This is really a graph problem! Draw a graph with a vertex for every number in your list, and an edge between vertices \$a\$ and \$b\$ if there is a pair \$(a, b)\$ or \$(b, a)\$ in your list:
What you want to do is to find a path in this graph that visits all the edges. Such a path is known as an Eulerian path. Your condition that each number appears exactly twice in the list means that the path must return to the original vertex: that makes it an Eulerian cycle.
To find this cycle, we must first represent the graph using a suitable data structure. Here we can use the adjacency list representation (really, adjacency set):
from collections import defaultdict
def graph(edges):
"""Given a list of edges, return a map from vertex to a set of
adjacent vertices.
>>> graph([(1, 2), (1, 3), (3, 4), (2, 4)])

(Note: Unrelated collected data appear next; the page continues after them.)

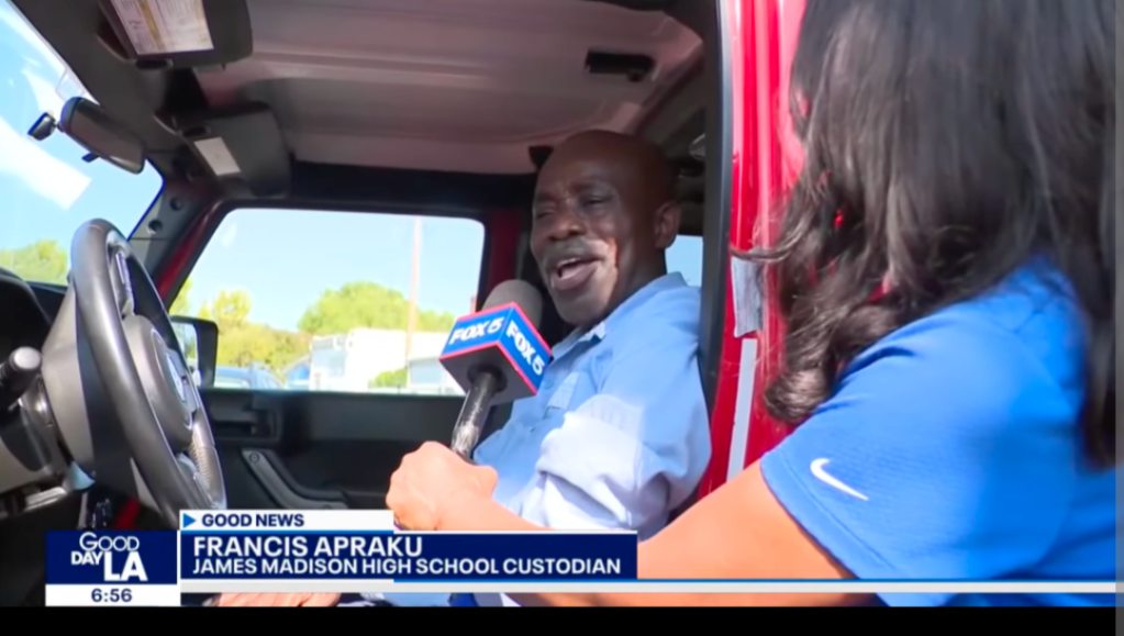 Students at James Madison High School are anything but demure for the love of their custodian, Francis Apraku.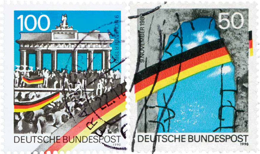 Немецкие марки, выпущенные в честь годовщины падения Берлинской стены. 1990 год.
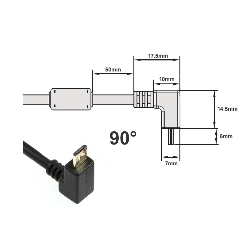 Câble MICRO USB coudé: A mâle vers Micro B 90° VERS LE HAUT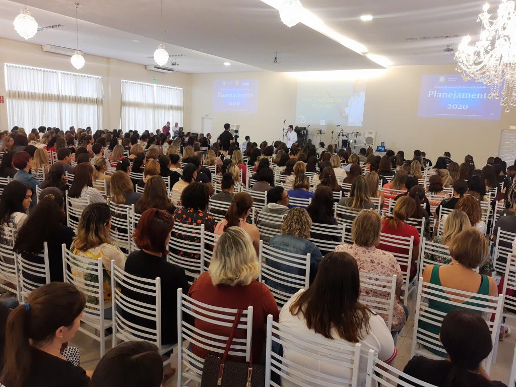 O evento aconteceu em salão de eventos e reuniu cerca de 700 profissionais da Educação entre professores, gestores, auxiliares docentes e estagiários para assistirem à palestra com a temática “O professor como fonte de motivação para o aprendizado do aluno”.

defaultdict(<class 'set'>, {1: {2, 3}, 2: {1, 4}, 3: {1, 4}, 4: {2, 3}})
"""
g = defaultdict(set)
for v, w in edges:
g[v].add(w)
g[w].add(v)
return g
Then, to find the path, we can use Hierholzer's algorithm. This is really simple: we just pick a starting vertex and then repeatedly pick any unvisited edge from that vertex. Your condition that each number appears exactly twice in the list of edges means that the algorithm can't get stuck: there are exactly two edges meeting each vertex, so having gone in on one we can go out on the other:
def eulerian_path(edges, v):
"""Generate an Eulerian path over the given collection of edges,
starting at the vertex v.
>>> list(eulerian_path([(1, 2), (1, 3), (3, 4), (2, 4)], 1))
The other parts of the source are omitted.